Losing that asset could put everything at risk. And with the government’s finances in a shambles, despite a massive transfer of funds from the Reserve Bank of India, it remains unclear whether enough has been done to arrest the slide.

This is important right now because, as the BJP’s political leaders turn their focus on upcoming state elections, Sitharaman will have to begin the process of preparing next year’s Budget – one that will undoubtedly involve making some very tough decisions.

Catch up:

Kashmir remains under lockdown, more than a month after Indian authorities suspended civil liberties. National Security Advisor Ajit Doval says he is “fully convinced” that most Kashmiris support the move, yet the government will not let them actually say so themselves.

The United Nations General Assembly, starting today, could see more sparring between India and Pakistan over Kashmir. Indian diplomats have been trying to reach out to other countries to explain its stance.

India’s first attempt to send a rover to the surface of the moon was unsuccessful. The Indian Space Research Organisation lost contact with the rover just as it was about to touch down.

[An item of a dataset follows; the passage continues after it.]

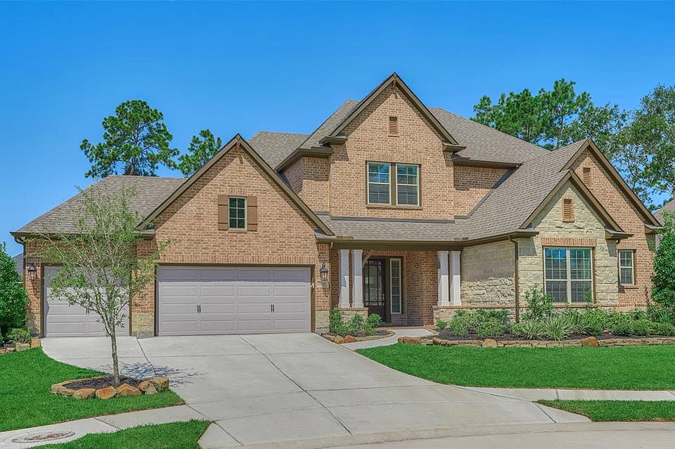Sought-after David Weekley's Cardona plan (former model still like new) on oversized cul-de-sac lot in Falls at Imperial Oaks, easy access to Grand Pkwy, Exxon Campus, The Woodlands. Great neighborhood w/pools, parks, playgrounds, splash pads, dog park, zoned to new Grand Oaks H.S. Well-designed floor plan w/3-car garage, lanai w/fireplace, 4 bedrooms (master & guest on 1st floor), game/media rooms, 3 full & 2 half baths, study, open-concept-living, numerous upgrades & special touches. On-trend finishes in shades of white & gray is sophisticated. Wide-planked, light wood floors. Kitchen has oversized island, clean-lined cabinets w/long linear pulls, stainless steel appliances, light granite, white subway tile b/s. Dining area surrounded by windows, can fit large table. Family room has distinctive slatted wood wall in herringbone pattern, 3 sliding glass doors. Master has unique touches w/tray clg clad in wood, sliding "barn doors" to bath w/his & her vanities, 2 closets, super shower.

A BJP leader said the government would have to persuade Bangladesh to take citizens that India believes immigrated illegally. Bangladesh’s position so far makes this seem unlikely, but the comments add to uncertainty over the fallout of Assam’s National Register of Citizens.

Congress leader Shashi Tharoor spoke out against his party trying to push “Hindutva lite” and “majority appeasement.” This comes not long after he received some blowback for supporting fellow Congress leader Jairam Ramesh’s argument that constantly demonising Modi did not help the Opposition’s cause.